Re: mii-diag returns strange errors
Wojciech Ziniewicz wrote:
But I'll change the ethernet cable .. there were some servers mounted
during last week that could generate some noise or anyway they could
just pull the cable in an accident or something...
More or less - the server should not report so many errors on the link
and i'll trace this problem down...
To share one other thing that's helped me in the past... sometimes it's
a good idea to reset the counters on both sides to zero and watch it
"now" -- your counters have probably been running since your last
reboot, and you don't really know when the errors occurred.
A "baseline" look at the numbers sometimes shows there's no problem at
all, right this minute, and by watching carefully you can see if there's
a pattern in time-of-day, etc.
There are various methods of automating this also, of course... an idea
for a future script or something bigger and more complex like say maybe,
nagios... or other similar network/server monitoring software.
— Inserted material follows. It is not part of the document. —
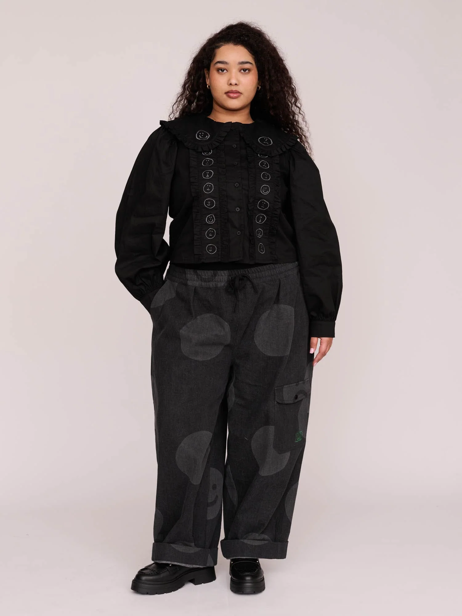 Made 100% cotton, this black, long-sleeve shirt has puffed sleeves with functional button cuffs along with an oversized collar. The star is the white Happy Sad embroideries on both the front panels and collar, with both also featuring ruffle trim details. With black, branded buttons; why not style with our Trev’s in Navy and our Emotional Flower Cardigan?

Since you have "active" reports of problems right now, I'd say that the
other servers or accidental disconnects aren't your problem, since it's
ongoing. But you'd know best how long the reports take to make it to
you from the end-users...
Really heavy I/O could also be involved here. An example: One thing
that will stress any Ethernet pipe to the limit is over-the-network
backups... thus the usual desire to deploy a SAN (storage area network)
to keep that traffic away from "live" traffic.
Hi levels of I/O or even CPU on the server could even be causing
problems like this one... it's all dependent on how bad the load is and
what cascading effects that load is having on subsystems all the way
down to how the kernel is talking to your Ethernet cards.
These comments are all basically a reminder that there's a "big picture"
to watch, and it sounds like you're already very alertly watching for
other things that could be helping or hindering. Some people forget.
After a while, it becomes more intuitive, if you haven't been doing it
for a long time. Your brain and your instincts remind you that someone
made a change on X date, and that change is probably the reason for the
"other" problems you're seeing in unexpected places.